Not So Simple tools - Ping

One of the conversations that I've had many time over the years is regarding one of the most commonly used and misused tools ... ping. Each network operating system seems to handle ping differently, causing frustration for many operators. That said, there are a few things about ping that will make the tool more useful for you in your Juniper journey.


The first is size ... a major difference between Windows (Windows 7 in this case), Cisco and Juniper is what you're specifying when you type the word size. In troubleshooting, knowing the difference can help isolate a link with a misconfigured MTU

In Windows, the length specified is the ICMP Data, so the command "ping -n 1 -l 1000 thegnurd.blogspot.com" would result in a ICMP Data field of 1000 Bytes, 8 Bytes of ICMP Header, 20 Bytes of IPv4 header, and 14 Bytes of Ethernet header, giving a total of 1042 Bytes on the wire.
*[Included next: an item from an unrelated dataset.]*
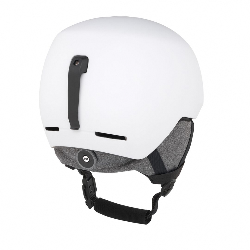 Za precyzyjne dopasowanie kasku Oakley MOD1 MIPS Junior odpowiada system BOA® 360 Fit, który umożliwia płynną regulację obwodu jednym pokrętłem – także w rękawicach, co pozwala szybko dostosować kask do kształtu głowy dziecka. Odpowiednio rozmieszczone otwory wentylacyjne wspierają naturalny przepływ powietrza wewnątrz kasku, skutecznie odprowadzając nadmiar ciepła i wilgoci podczas jazdy. Dodatkowe kanały w przedniej części kasku umożliwiają swobodny przepływ powietrza z gogli, co pomaga ograniczyć ich parowanie i poprawia komfort widzenia. Kask posiada wyjmowaną wyściółkę, którą można łatwo wyprać, co ułatwia utrzymanie higieny. Zastosowano również specjalną wkładkę dopasowującą, która stabilizuje kask na głowie, zapobiega jego odchylaniu się do tyłu i zapewnia lepsze osłonięcie czoła oraz bardziej spójne dopasowanie kasku z goglami. Całość uzupełnia magnetyczne zapięcie Fidlock®, umożliwiające szybkie i wygodne zapinanie jedną ręką.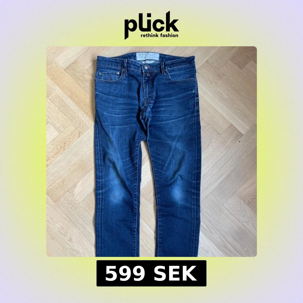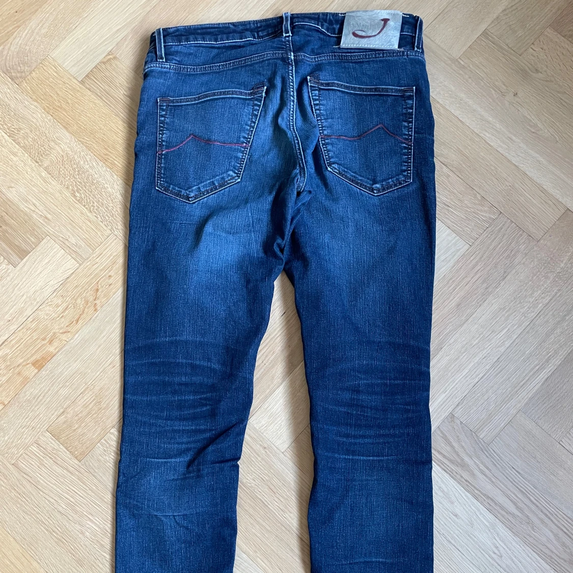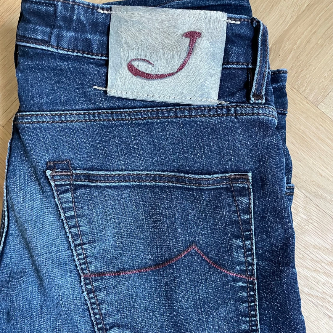 Mörkblåa slim fit Jacob cohens med fadings på fram och baksida, står stl 33, skulle säga att det känns som 32x 30. Exakta mått är: totallängd 98cm, innersöm 77cm, midja (bälteshölla-bälteshölla) 40cm

With Juniper (and most variants of Linux), the command "ping thegnurd.blogspot.com count 1 size 1000" would yield 1042 bytes on the wire in a slightly different way. While the Ethernet header and the IPv4 header would remain the same, with 34 Bytes of data, the ICMP header contains an 8 byte timestamp field, reducing the size of the payload by the same giving a ICMP Data field length of 992 bytes.

With Cisco, when you specify the size with the command "ping thegnurd.blogspot.com size 1000"  you wind up with 1014 Bytes on the wire, as the 1000 specified is the combination of the IPv4 header (20 bytes), ICMP Header (8 Bytes), and the ICMP data field (972 Bytes).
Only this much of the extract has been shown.